* [TASK REQUIREMENTS]: The answer must consist solely of the lines from the one with "राष्ट्रपति भण्डारीद्वारा संविधौनिक" through the last line of the data, copied exactly, with no pictures.

* [RECORDED DATA]:
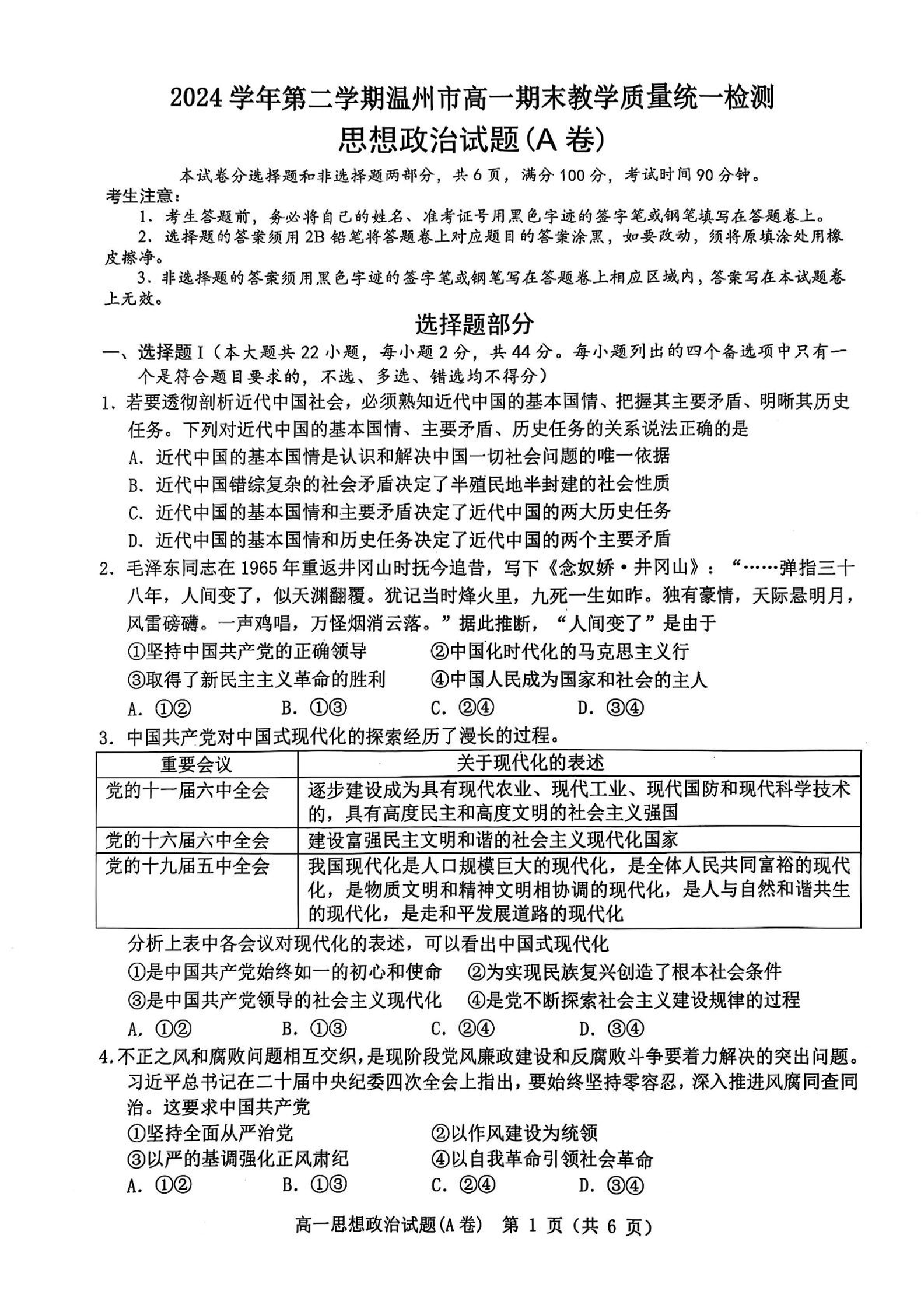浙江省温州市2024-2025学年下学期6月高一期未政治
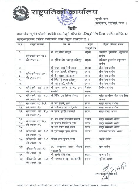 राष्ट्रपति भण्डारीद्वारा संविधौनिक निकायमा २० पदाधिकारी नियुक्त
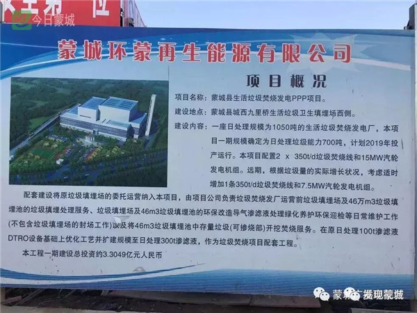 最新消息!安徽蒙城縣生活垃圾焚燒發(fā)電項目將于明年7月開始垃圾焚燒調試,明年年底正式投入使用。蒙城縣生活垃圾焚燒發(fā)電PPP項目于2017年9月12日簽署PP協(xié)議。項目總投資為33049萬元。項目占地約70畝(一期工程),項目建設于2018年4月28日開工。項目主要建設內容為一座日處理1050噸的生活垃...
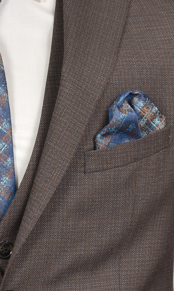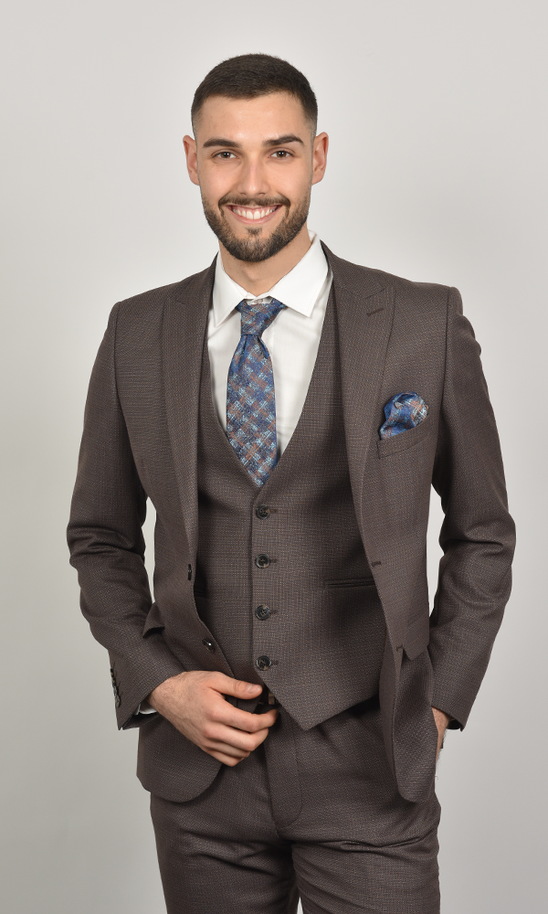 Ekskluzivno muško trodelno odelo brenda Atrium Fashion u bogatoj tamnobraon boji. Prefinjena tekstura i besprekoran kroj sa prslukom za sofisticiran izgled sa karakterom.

* [EXERCISE OUTPUT]:
 राष्ट्रपति भण्डारीद्वारा संविधौनिक निकायमा २० पदाधिकारी नियुक्त
 最新消息!安徽蒙城縣生活垃圾焚燒發(fā)電項目將于明年7月開始垃圾焚燒調試,明年年底正式投入使用。蒙城縣生活垃圾焚燒發(fā)電PPP項目于2017年9月12日簽署PP協(xié)議。項目總投資為33049萬元。項目占地約70畝(一期工程),項目建設于2018年4月28日開工。項目主要建設內容為一座日處理1050噸的生活垃...
 Ekskluzivno muško trodelno odelo brenda Atrium Fashion u bogatoj tamnobraon boji. Prefinjena tekstura i besprekoran kroj sa prslukom za sofisticiran izgled sa karakterom.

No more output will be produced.